**RECORDED INFORMATION**
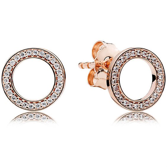 Orecchini a lobo Pandora in lega metallica placcata oro rosa 14kt e zirconia cubica
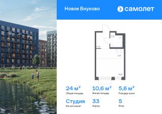 Строим кварталы для жизни с заботой о будущем. Предлагается квартира студия комфорт-класса 24,02 кв.м в корпусе 33 на 5 этаже, в ЖК "Новое Внуково"
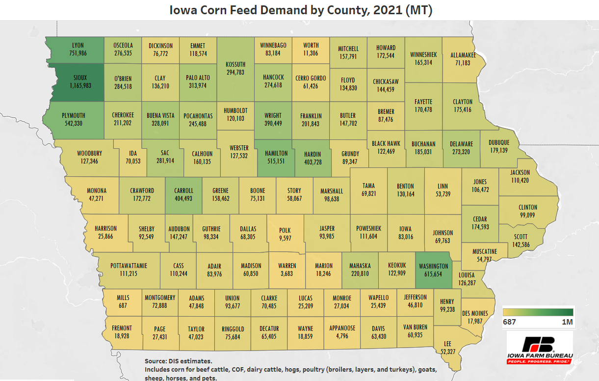 Figure 1. Iowa Corn Feed Demand by County, 2021 (MT)

**INSTRUCTIONS TO FOLLOW**
The listing above must be repeated exactly, apart from the pictures.

**REPLY TO THE EXERCISE**
 Orecchini a lobo Pandora in lega metallica placcata oro rosa 14kt e zirconia cubica
 Строим кварталы для жизни с заботой о будущем. Предлагается квартира студия комфорт-класса 24,02 кв.м в корпусе 33 на 5 этаже, в ЖК "Новое Внуково"
 Figure 1. Iowa Corn Feed Demand by County, 2021 (MT)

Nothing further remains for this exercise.